Mortality and CV Events
Crude Incidence Rate
The median follow-up period was 59.6 months (25–75%, IQR: 22.8–108.9) after PSM. In patients without ESRD, the crude incidence rates of all-cause mortality were 80.2 and 80.3/1,000-person-years in patients who had mechanical and bioprosthetic valve replacement, respectively, and the crude incidence values of CV deaths were 43.4 and 41.4/1,000 person-years in patients who had mechanical and bioprosthetic valve replacement, respectively (Supplementary Table 4).
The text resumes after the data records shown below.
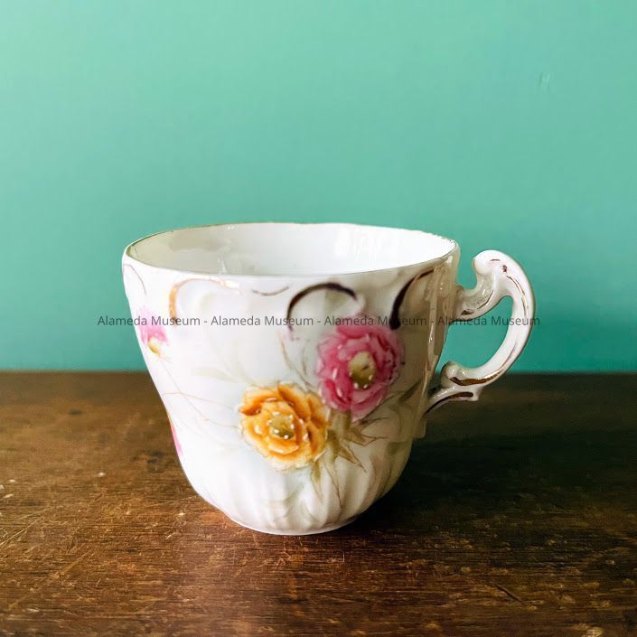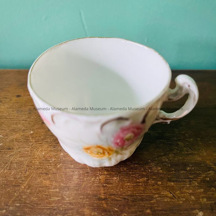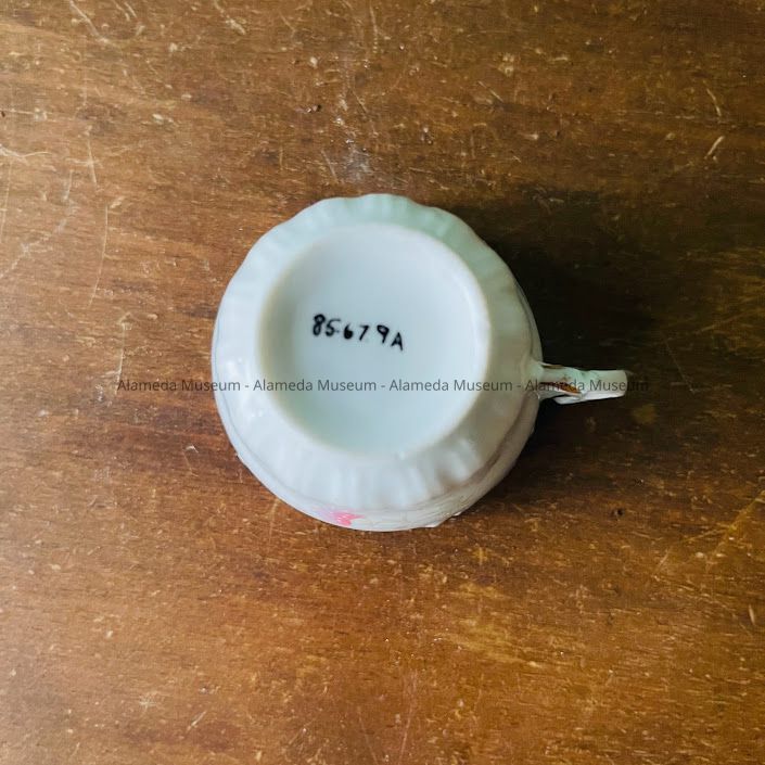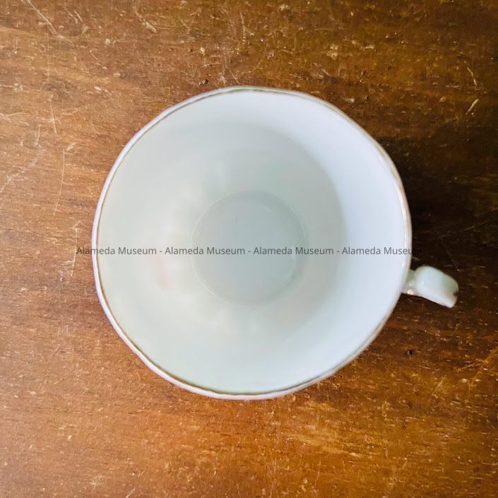 Black coffee size cup & Saucer of Roberta, daughter of Samuel M. & Harriet Holmes Haslett, old-time residents of Alameda. Roberta was the second child of the Hasletts and was born in Alameda in 1890.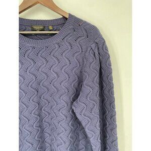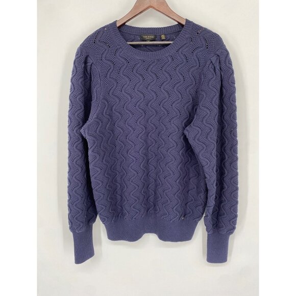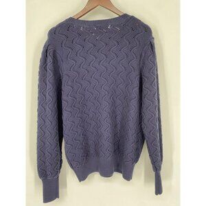 TED BAKER PUFF SLEEVE KNIT/CROCKET PULLOVER SWEATER COTTON SIZE 5 RIBBED CUFFED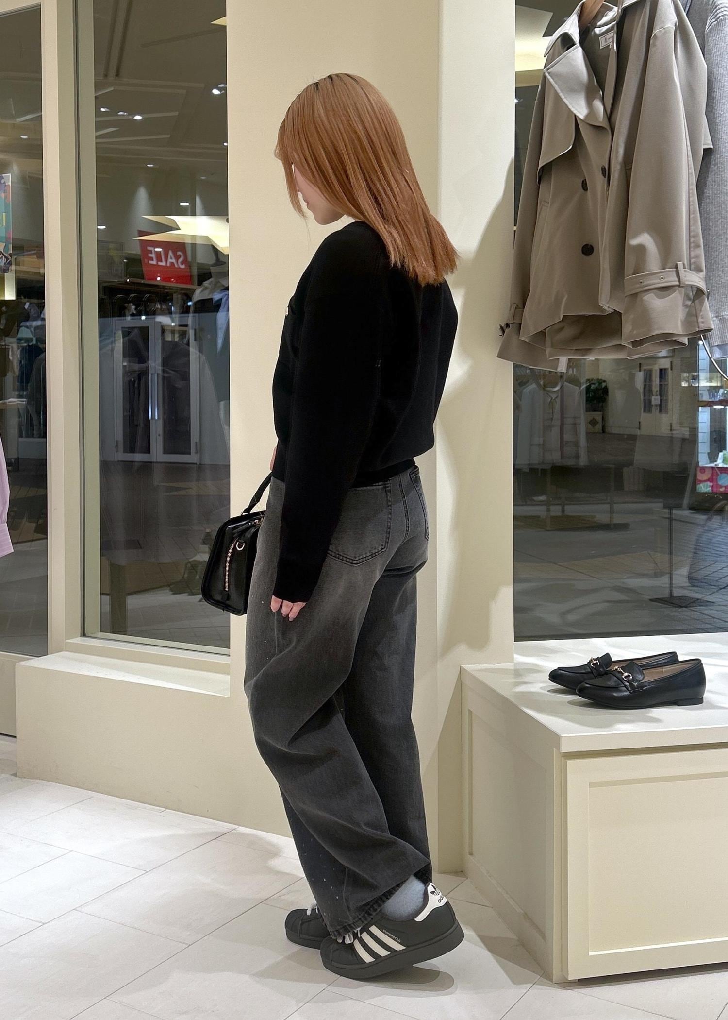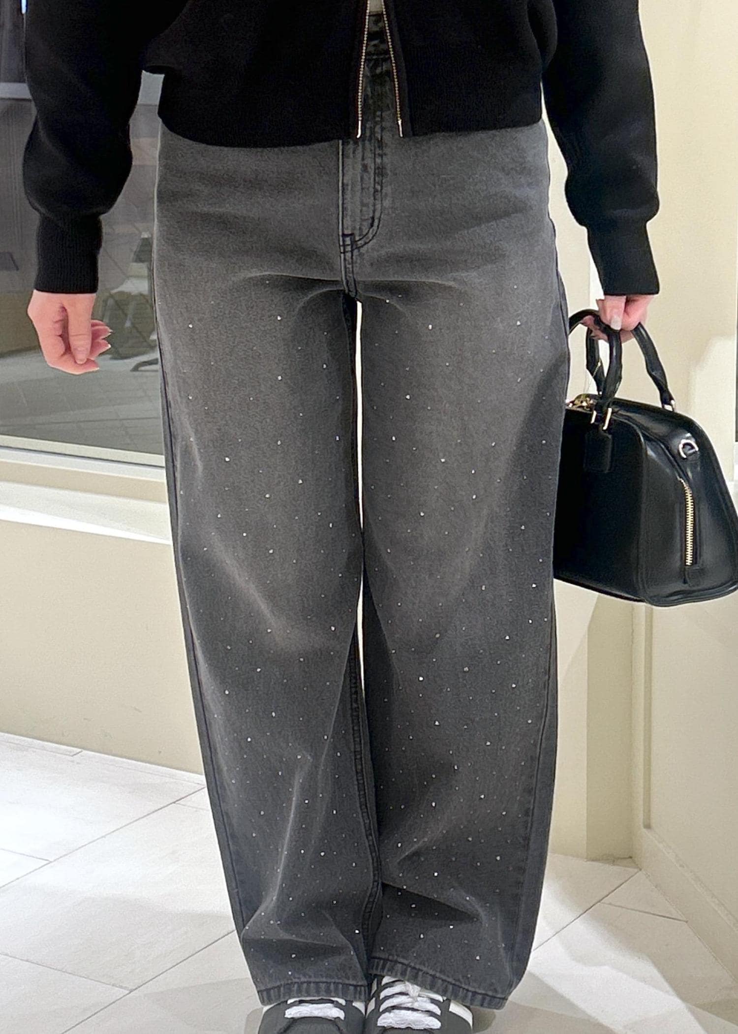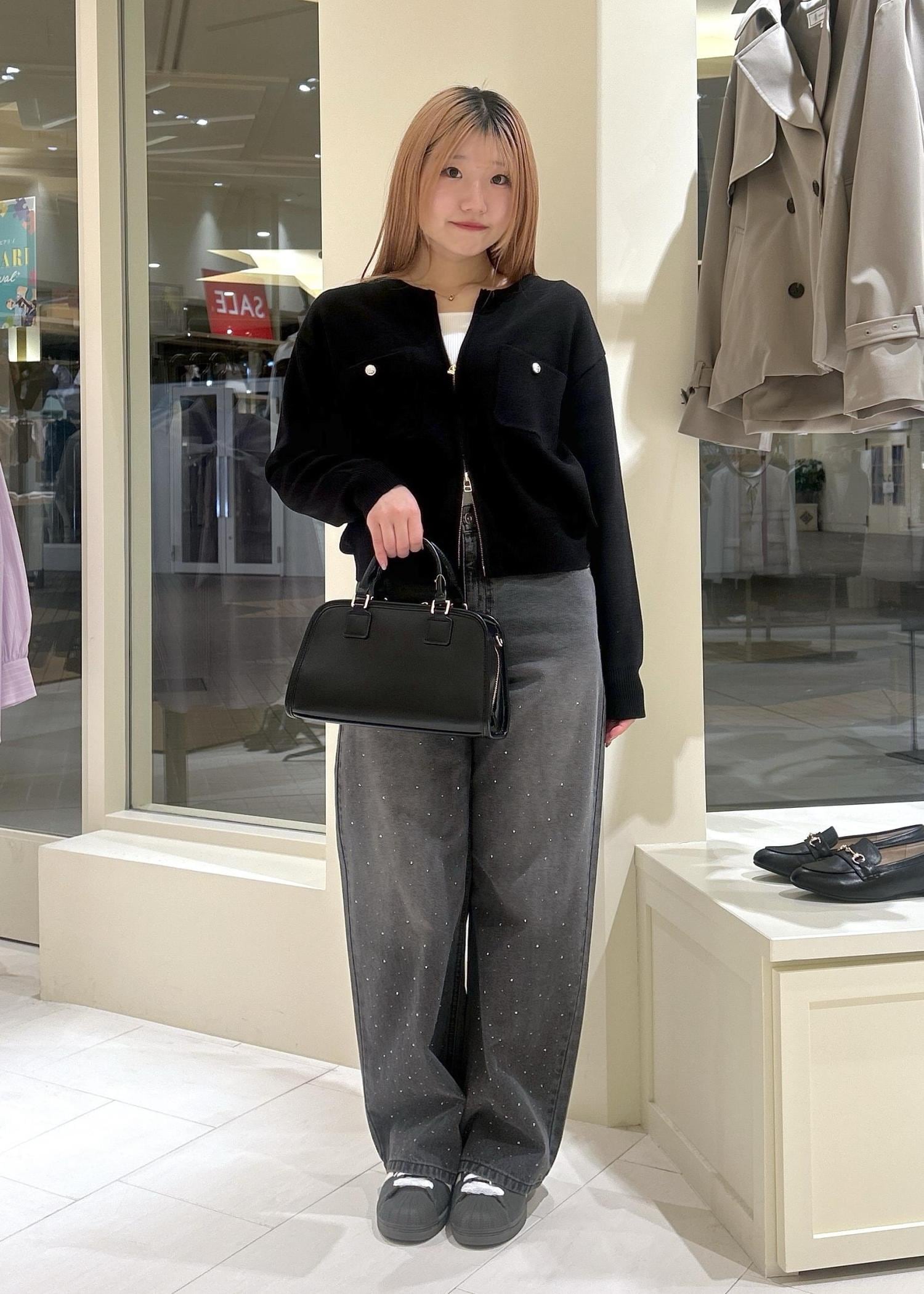 ブラックワントーンでまとめてますがダブルジップで抜け感を出したり、キラキラビジューデニムを合わせることで暗くなり過ぎないようにしました!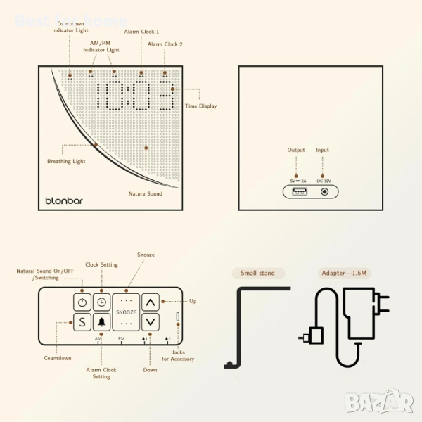 ДВОЙНА АЛАРМА + ОТЛАГАНЕ: Лампата има ДВОЙЕН будилник. Има и 5 мелодии за звънене, от които можете да избирате. В режим Аларма 2 има функция за светлинно събуждане WAKE UP LIGHT. Натиснете кратко бутона за отлагане веднъж, за да отложите будилника за 10 минути. Позволява ви да спите спокойно, без да се притеснявате, че ще закъснеете. Натиснете и задръжте бутона за отлагане, за да изключите алармата. Алармата ще се включи отново на следващия ден в зададения час.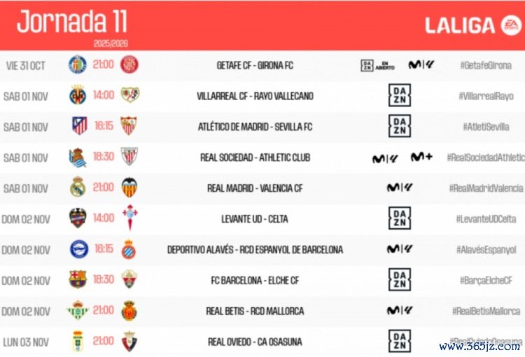 10月1日讯 今天,西甲职业联赛 在官网公布了第11轮赛程,搏击资讯足球直播吧皇马和巴萨分别在主场作战 对阵瓦伦西亚和埃尔切。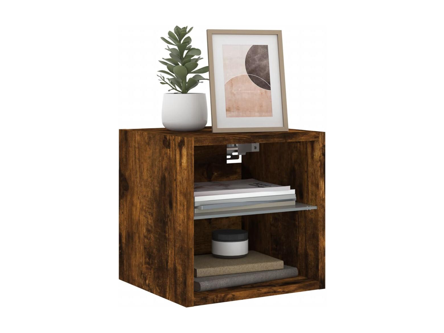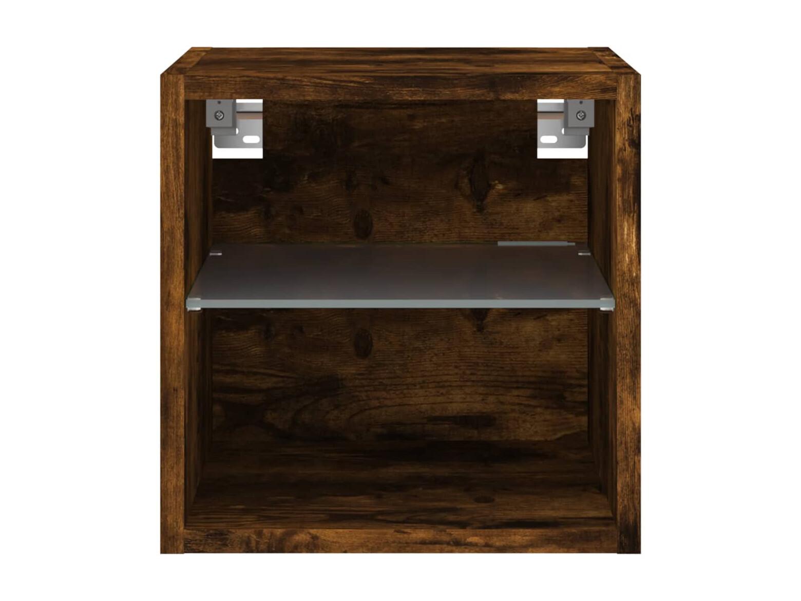 Mueble de TV de pared con luces LED roble ahumado 30x28,5x30 cm
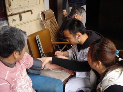 一部分同学为老人们测量血压,并细心地记下老人的高低血压值,提醒老人们平时生活应注意的事项。另一部分同学则陪老人们聊天、唠话,现场的气氛非常温馨,老人们的脸上不断地露出笑容。
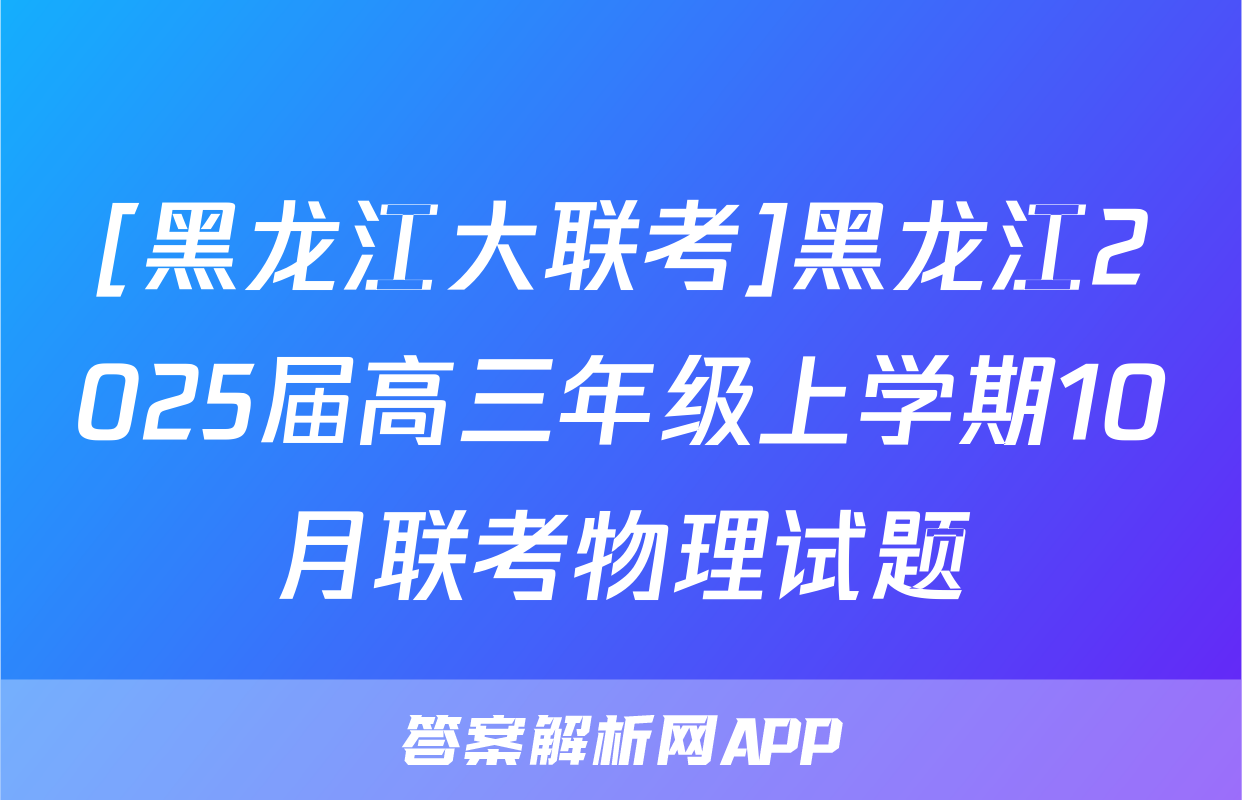 [黑龙江大联考]黑龙江2025届高三年级上学期10月联考物理试题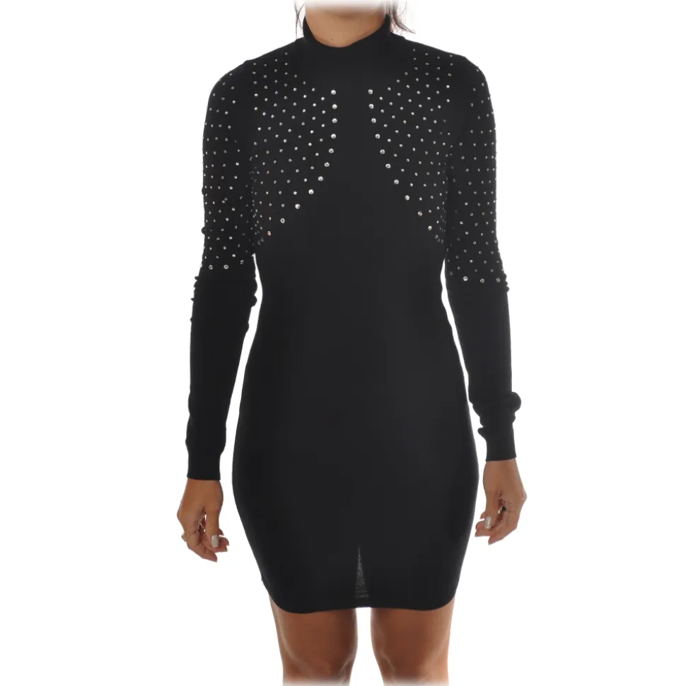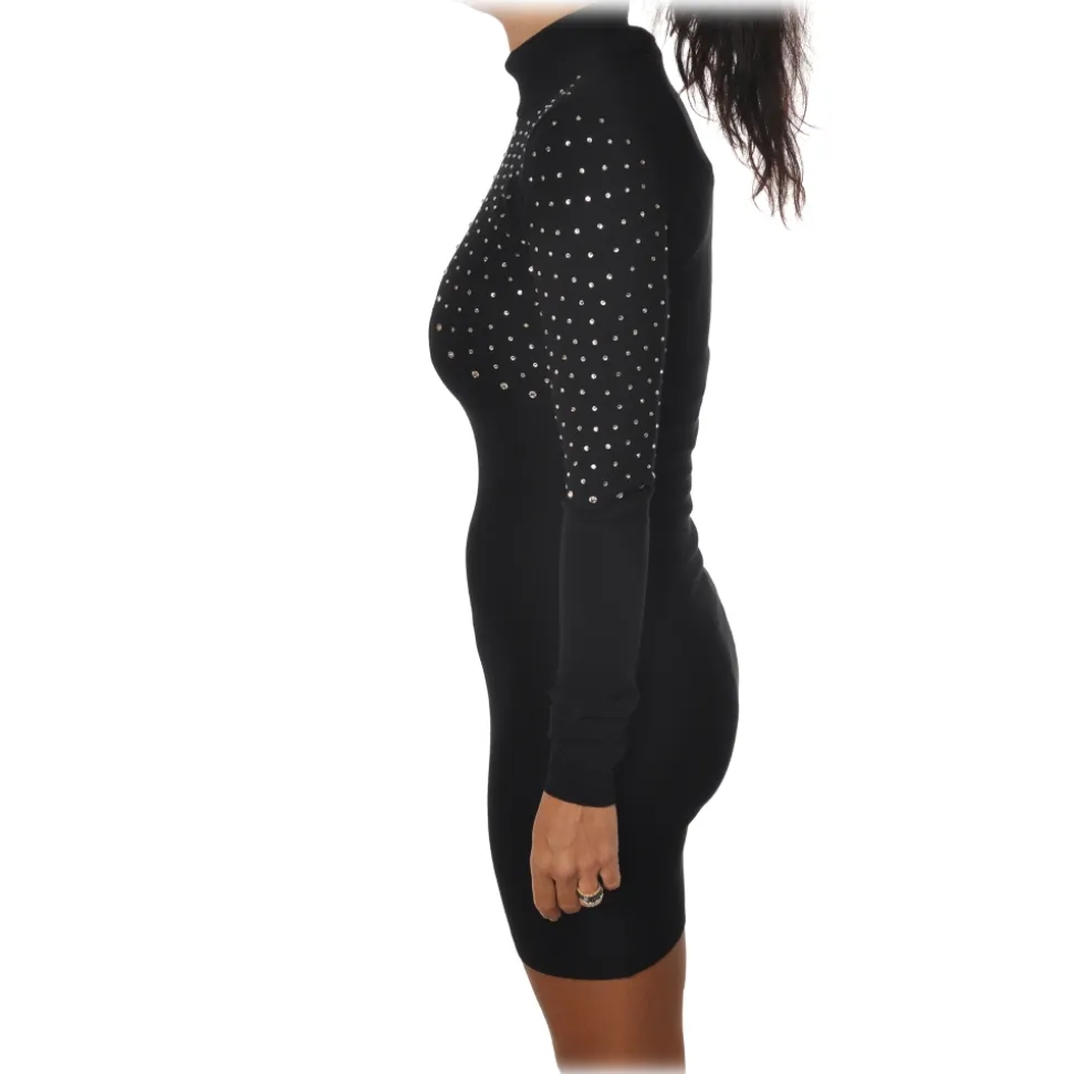 Aniye By – Short Dress with High Neck and Rhinestones – Black – Dress – Made in Italy – Luxury Exclusive Collection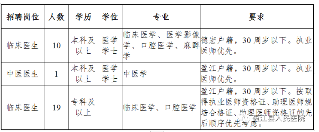 盈江縣人民醫(yī)院2023年招聘編外合同制衛(wèi)生專(zhuān)業(yè)技術(shù)人員的第一次公告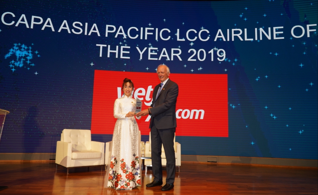 Hãng hàng không Vietjet vừa được Trung tâm hàng không châu Á - Thái Bình Dương (CAPA) trao giải thưởng “Hãng hàng không chi phí thấp của năm tại khu vực châu Á - Thái Bình Dương”.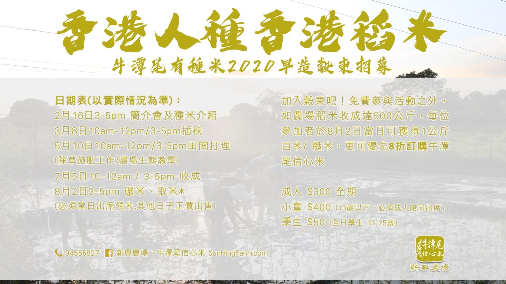 - 如農場稻米收成達500公斤,每位參加者於8月2日當日可獲得1公斤白米/ 糙米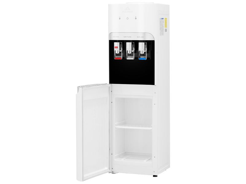 Cây nước nóng lạnh sử dụng bình úp đặt trên đỉnh máy. Vỏ máy làm từ nhựa cao cấp, sang trọng. Kiểu dáng đứng gọn gàng, sử dụng cho gia đình, văn phòng... Bên dưới là khoang bảo quản cốc chén.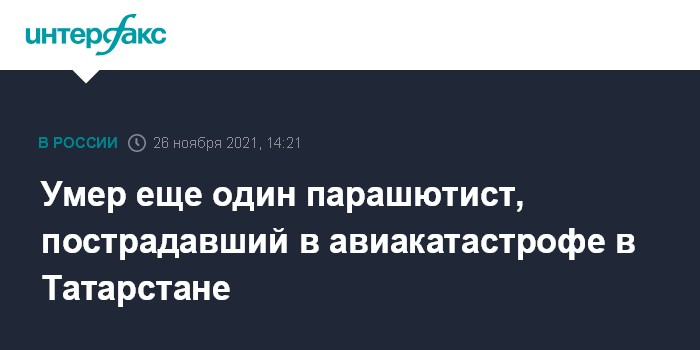 Москва. 26 ноября. INTERFAX.RU - Уфимский парашютист Вадим Фахрутдинов, пострадавший в авиакатастрофе под Мензелинском (Татарстан), скончался в больнице. Об этом сообщил "Интерфаксу" председатель Федерации парашютного спорта Башкирии Гайрат Манаев в пятницу.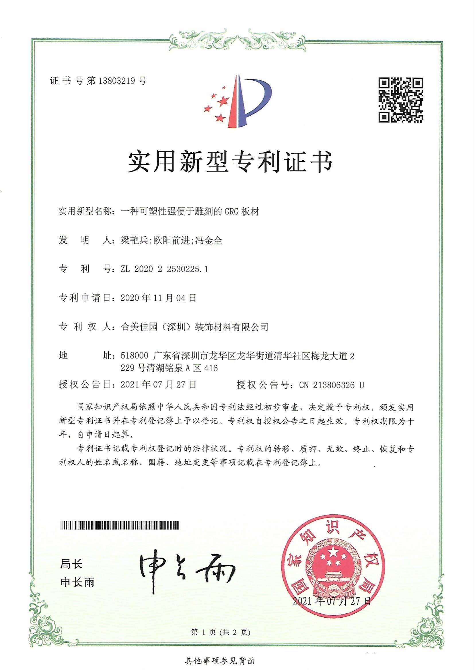 自有专利及相关资质证书,产品质量有保证,产品不仅具有高强轻质、Al级防火、绿色环保、节能低碳、抗菌耐腐、防香防潮防虫姓、湿暖保温等良好的物理性能,而且拥有隔声/吸声/扩散/反射等优良的声学性能,同时造型丰富任意、可镂空/浮雕、可平面/单曲二维/双曲三维等立体构造,支持各种造型定制

In contrast, ESRD patients who underwent mechanical valve replacement had a higher rate of all-cause mortality (457.4/1,000 vs. 426.8/1,000 person-years) and CV death (262.0/1,000 vs. 218.7/1,000 person-years) than those who had bioprosthetic valve replacement (Table 2).
Kaplan–Meier Survival Analysis
The Kaplan–Meier survival analysis revealed that the all-cause mortality and CV deaths were comparable between non-ESRD patients who underwent mechanical and bioprosthetic valve replacement during the 5-year follow-up (Log-rank test, p = 0.88 and 0.58, respectively; Supplementary Figures 1A,B). Meanwhile, ESRD patients who underwent mechanical valve replacement had higher rates of all-cause mortality and CV deaths than those who underwent bioprosthetic valve replacement after the 5-year follow-up (Log-rank test, p = 0.03 and 0.02, respectively; Figures 2A,B).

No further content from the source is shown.